Future studies could also assess if hubs are still connected to the same nodes in MS or if their connectivity changes. Additionally, hubs and their connections might be particularly vulnerable to pathogenic factors due their central role in the network42, therefore future work could study whether there is a higher probability of lesions being present in PNs and/or whether the presence of lesions in the PNs is more detrimental for accumulation of disability. Additionally, both putamen and thalamus have shown the strongest volume changes upon treatment43 and hence it will be interesting to investigate how treatment affects PNs and if such changes are clinically relevant. Previous studies have suggested that the first two PNs typically capture the major connectivity features of the network, but the threshold is ultimately arbitrary. Investigation of more PNs could be addressed in future studies. Finally, longitudinal studies could investigate how the patterns of connectivity change over time and if they change in the same way in all MS subtypes.
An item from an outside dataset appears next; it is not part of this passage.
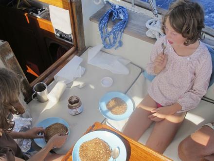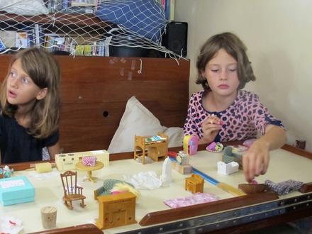 Je pensais avant de partir que l’ennui serait le pire ennemi des filles sur le bateau. Imaginez des enfants trois semaines sans pouvoir courir et sauter partout. C’est pourtant sous-estimer leur pouvoir d’imagination. La preuve, nous avons été soumis pendant dix-huit jours par Zéphyr et Looli au supplice des « pollypockets », des poupées miniatures devenues chaque jour les héroïnes de leurs mises en scène complexes. Les aventures interminables des figurines en plastique (remplacées occasionnellement par des peluches) étaient influencées par le quotidien à bord : état de la mer, lectures, films, leçons d’école. Elles ont ainsi pris le thé avec la Reine d’Angleterre, ont été déportées en camp de travail par Hitler (cours d’histoire-géo de CM2), ont été transportées dans le monde merveilleux de Miyazaki. Elles sont tombées mille fois amoureuses d’Errol Flynn (irrésistible dans Captain Blood et The Sea Hawk), ont survécu aux tempêtes, à la soif et la faim ; elles ont subi le joug de parents injustes et tortionnaires, mais ont été gavées de bonbons imaginaires.

In conclusion, we report that network hubs are relatively consistent across the various MS subtypes and in HCs. Additionally, a subset of network hubs forms specific PNs and specific nodal strengths within these subnetworks are associated with clinical disability and information processing speed dysfunction. These results highlight the potential utility of subnetwork-based approaches as imaging biomarkers for disease progression and for assessing treatment effects.